# Units in a quantum barrier problem

1. Sep 12, 2005

### ClaesF

I have a quesion regarding a quantum physics assignemnt, I wonder what units I should use when calculating the transmission coefficient of a quantum barrier problem.

I have got the following expression:

$$T = \frac{4(E+V_0)}{(2E+V_0)cos^2a\sqrt{\frac{2m}{\hbar^2}(E-V_0)} + (E-V_0+\frac{E(E+V_0)}{E-V_0}+2\sqrt{E(E+V_0)})sin^2a\sqrt{\frac{2m}{\hbar^2}(E-V_0)}}$$

where

T = the transmission coefficient
E = the energy of an incoming electron = 2.1 eV
$V_0$ = a potential = 1.5 eV
a = a point along the x-axis = 12 angstrom (= $12*10^{-10}$ m)
m = the mass of the electron (= $9.109*10^{-31}$ kg)
$\hbar$ = $1.0546*10^{-34}$ Js or $6.582*10^{-16}$ eVs.

I don't know if I should translate all values in the whole expression into SI units, or if I somehow can use the values given in the assignment in eV and angstrom directly?
If I use the eV- and angstrom values, I guess it is wrong to use the kg-value of the electronmass in the $\sqrt{\frac{2m}{\hbar^2}(E-V_0)}$-expressions.

2. Sep 12, 2005

### gnpatterson

If you use one of the planks constants in one form (Js) and one in the other form (eVs) in the h^2 expression it should work out OK.

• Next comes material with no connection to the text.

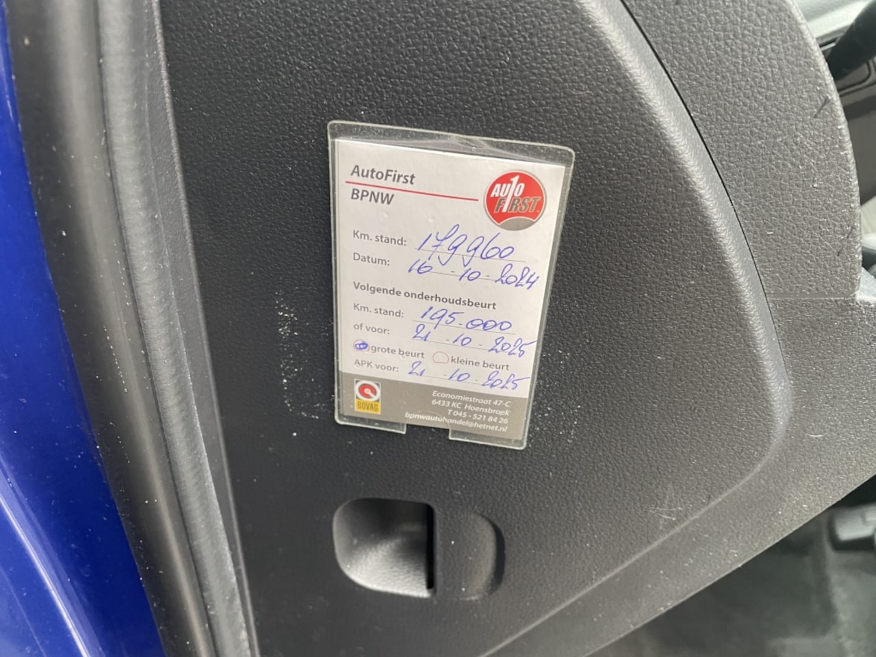 | APK | Bij aflevering |
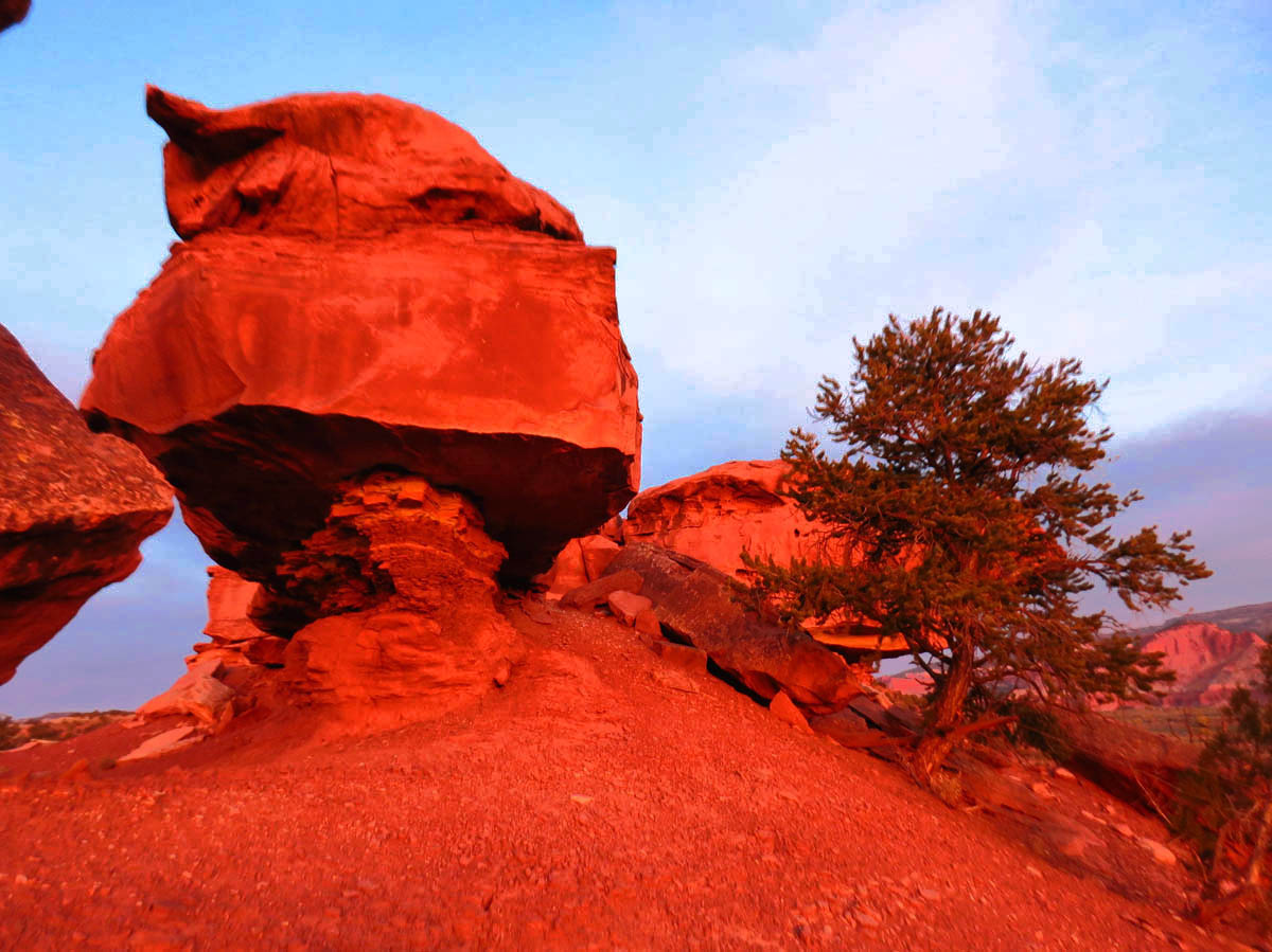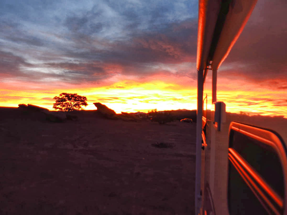 Red rock in our boondock camp set ablaze by the fire sky at sunrise

If you think about getting the final expression inside the trig functions to be unitless. Remember J=kg m/s

3. Sep 12, 2005

### ClaesF

ok, but I must still express a in meters(=$12*10^{-10}$m) then. (Js=$kgm^2/s$)

thanks for the help.

/Claes

4. Sep 12, 2005

### Gokul43201

Staff Emeritus
You want the argument in the trig terms to be unitless. Write "a" in meters and the terms inside the square roots in SI units (so the units of the wave vector will be 1/meter).

You can leave the energies outside the trig terms in eV or SI, since the transmission coefficient is the ratio of these energy terms.